多个 INSERT 语句与具有多个 VALUES 的单个 INSERT [英] Multiple INSERT statements vs. single INSERT with multiple VALUES

问题描述

我正在对使用 1000 个 INSERT 语句的性能进行比较:

INSERT INTO T_TESTS (TestId, FirstName, LastName, Age)值 ('6f3f7257-a3d8-4a78-b2e1-c9b767cfe1c1', '第一个 0', '最后一个 0', 0)INSERT INTO T_TESTS (TestId, FirstName, LastName, Age)值 ('32023304-2e55-4768-8e52-1ba589b82c8b', 'First 1', 'Last 1', 1)...INSERT INTO T_TESTS (TestId, FirstName, LastName, Age)值('f34d95a7-90b1-4558-be10-6ceacd53e4c4'、'第一个 999'、'最后一个 999'、999)

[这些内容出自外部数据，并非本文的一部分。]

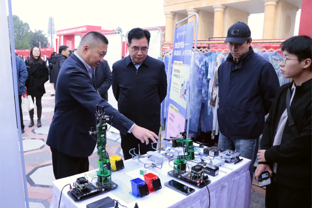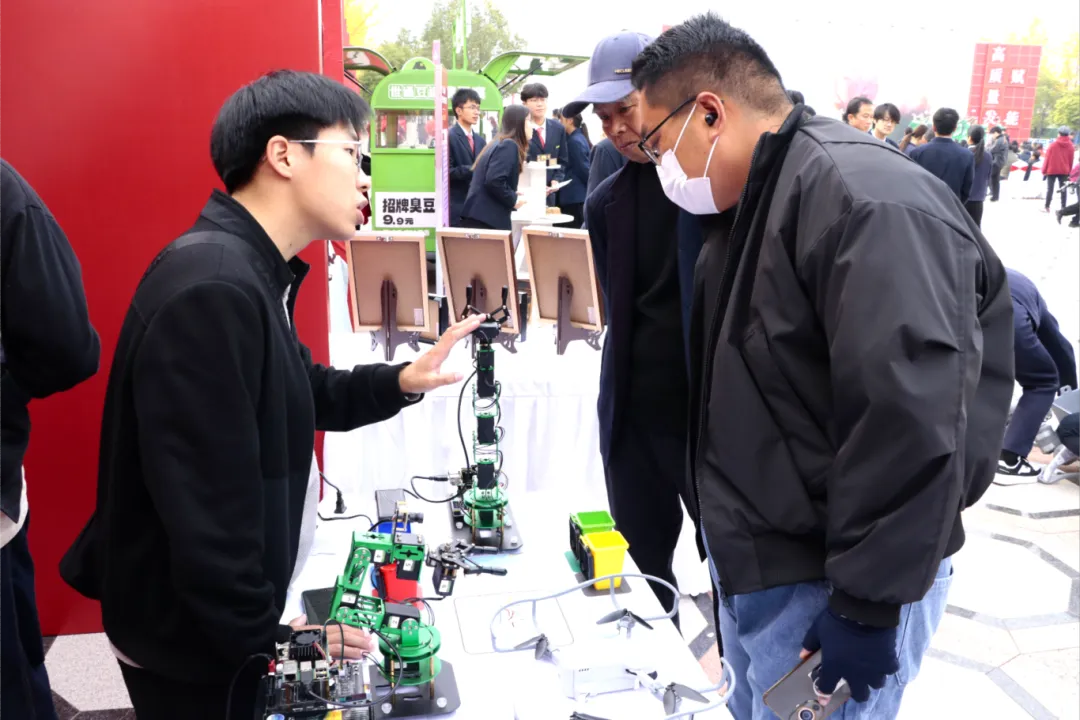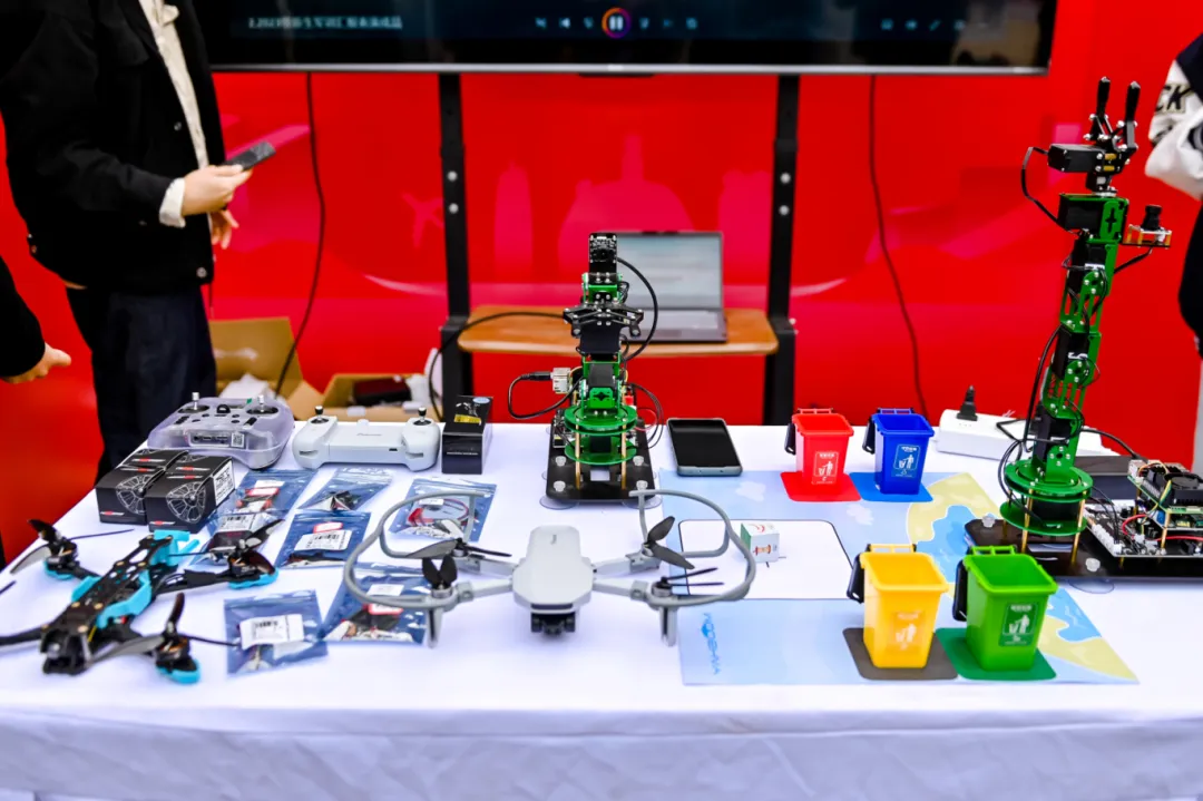 展台上,我校无人机实物与动态演示吸引了众多目光,展现了飞行器技术的应用潜力;六轴机器人流畅完成分拣任务,精准的动作体现了自动化与智能控制的魅力;智能循迹小车与避障机器人则生动演示了传感器技术、自动控制原理在实际场景中的灵活运用。这些作品不仅是我校注重培养学生创新精神和实践能力的直接体现,也获得了参观者的广泛关注与好评。

..与使用具有 1000 个值的单个 INSERT 语句相比:

INSERT INTO T_TESTS (TestId, FirstName, LastName, Age)价值观('db72b358-e9b5-4101-8d11-7d7ea3a0ae7d', '第一个 0', '最后一个 0', 0),('6a4874ab-b6a3-4aa4-8ed4-a167ab21dd3d', '第一个 1', '最后一个', 1),...('9d7f2a58-7e57-4ed4-ba54-5e9e335fb56c', '第一个 999', '最后一个 999', 999)

令我大吃一惊的是，结果与我的想法相反:

• 1000 条 INSERT 语句:290 毫秒.
• 1 个包含 1000 个值的 INSERT 语句:2800 毫秒.

该测试直接在 MSSQL Management Studio 中执行，SQL Server Profiler 用于测量(我使用 SqlClient 从 C# 代码运行它得到了类似的结果，考虑到所有 DAL 层往返，这更令人惊讶)

这是否合理或以某种方式解释?为什么，一个据称更快的方法会导致 10 倍 (!)更差的性能?

谢谢.

附加两者的执行计划:

解决方案

补充: SQL Server 2012 在这方面的性能有所提高，但似乎没有解决下面提到的具体问题.这应该 表明DeriveNormalizedGroupProperties 与过去称为

SELECT *FROM (VALUES ('Lieven1', 1),('Lieven2', 2),('Lieven3', 3)) 测试(姓名，ID)按名称排序，1/(ID - ID)

因为在编译时它可以确定 Name 列没有重复项，所以它会在运行时跳过辅助 1/(ID - ID) 表达式的排序(计划中的排序只有一个 ORDER BY 列)并且不会引发除以零错误.如果将重复项添加到表中，则排序运算符按列显示两个顺序，并引发预期错误.

I'm running a performance comparison between using 1000 INSERT statements:

INSERT INTO T_TESTS (TestId, FirstName, LastName, Age) 
   VALUES ('6f3f7257-a3d8-4a78-b2e1-c9b767cfe1c1', 'First 0', 'Last 0', 0)
INSERT INTO T_TESTS (TestId, FirstName, LastName, Age) 
   VALUES ('32023304-2e55-4768-8e52-1ba589b82c8b', 'First 1', 'Last 1', 1)
...
INSERT INTO T_TESTS (TestId, FirstName, LastName, Age) 
   VALUES ('f34d95a7-90b1-4558-be10-6ceacd53e4c4', 'First 999', 'Last 999', 999)

..versus using single INSERT statement with 1000 values:

INSERT INTO T_TESTS (TestId, FirstName, LastName, Age) 
VALUES 
('db72b358-e9b5-4101-8d11-7d7ea3a0ae7d', 'First 0', 'Last 0', 0),
('6a4874ab-b6a3-4aa4-8ed4-a167ab21dd3d', 'First 1', 'Last 1', 1),
...
('9d7f2a58-7e57-4ed4-ba54-5e9e335fb56c', 'First 999', 'Last 999', 999)

To my big surprise, the results are the opposite of what I thought:

• 1000 INSERT statements: 290 msec.
• 1 INSERT statement with 1000 VALUES: 2800 msec.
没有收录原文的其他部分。